I was on the verge of losing my mind. Having a miserable and difficult kid not only is hard on them, but it is hard on the other kids and parents. There is no worse feeling then trying your very hardest to make someone happy, only to see them worse off every moment. One day I had the most beautiful epiphany. I can't make her happy, and it is our job to create the environment, not allow her to create it.

That day started a new chapter in all of our lives. I was done. Done catering to nasty behavior, done going out of my way to please her, done stressing myself out, I quit. Dustin and I laid down new rules.

These are the rules:

1. No more calling mommy without our permission- We would allow her to call once a day, but not when she was exhausted and going to throw a royal fit when she got off the phone.

2. No more crying for mommy- I know this sounds harsh, but we told her it is ok to miss mommy, and if she wants to cry for her she can go to her room and do it.
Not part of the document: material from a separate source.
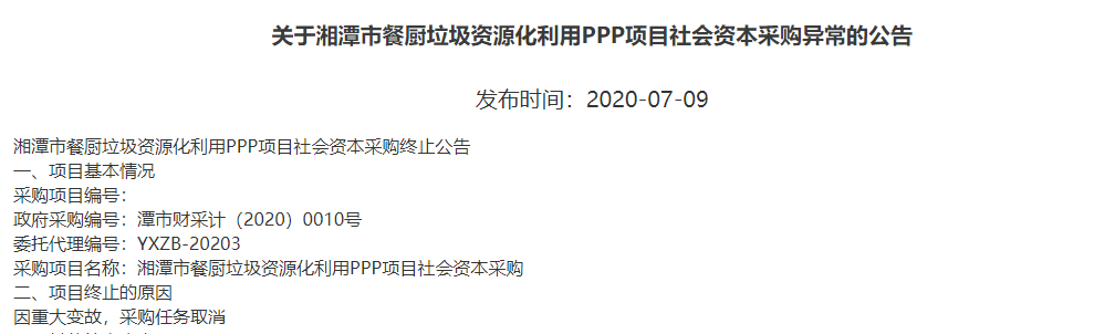 7月9日,湘潭市餐廚垃圾資源化利用PPP項(xiàng)目發(fā)布采購終止公告,據(jù)公告顯示,該項(xiàng)目因重大變故,采購任務(wù)取消,具體原因尚未透露。據(jù)招標(biāo)文件顯示,該項(xiàng)目總投資為27307.52萬元。 項(xiàng)目內(nèi)容:本項(xiàng)目包括餐廚垃圾綜合處理車間、糞渣處理車間、污水綜合處理車間、門房、門房及地磅房、厭氧罐、沼氣凈化基礎(chǔ)、沼氣柜...

We told her that we were all happy and when she was ready to be happy she could come out and be happy too.

3. No more killing myself trying to keep every minute of her day occupied- We can't change our whole lives every other week to accommodate Breanna. We love when she is home, but this is our life and she has to learn how to be happy with that life, even if some days we just hang out around the house.

Within two weeks of these new rules she was back to her old self. The first couple days she might go in her room and cry for 5 minutes, but once she saw it wasn't phasing us, she stopped. She started playing with her sister nicely, reading her books, and playing with her toys again.We even got good reports about how well she was doing at her mom's house. Not only was she happier, but she rarely says she misses her mom, or wants to call her. She has learned to enjoy the time she has here. She still has a struggle or two here or there, but nothing we can't handle.

It amazes me how kids need guidance in every area of their lives, even emotionally. We had to teach her how to properly control her emotions. It is a hard lesson to learn at such a young age, but it is her reality. She has two families that love her and want to spend time with her, some kids don't even have one. Splitting time in two different homes will always be a challenge, but as a step parent I am thrilled to say she has the best transition possible into our happy home.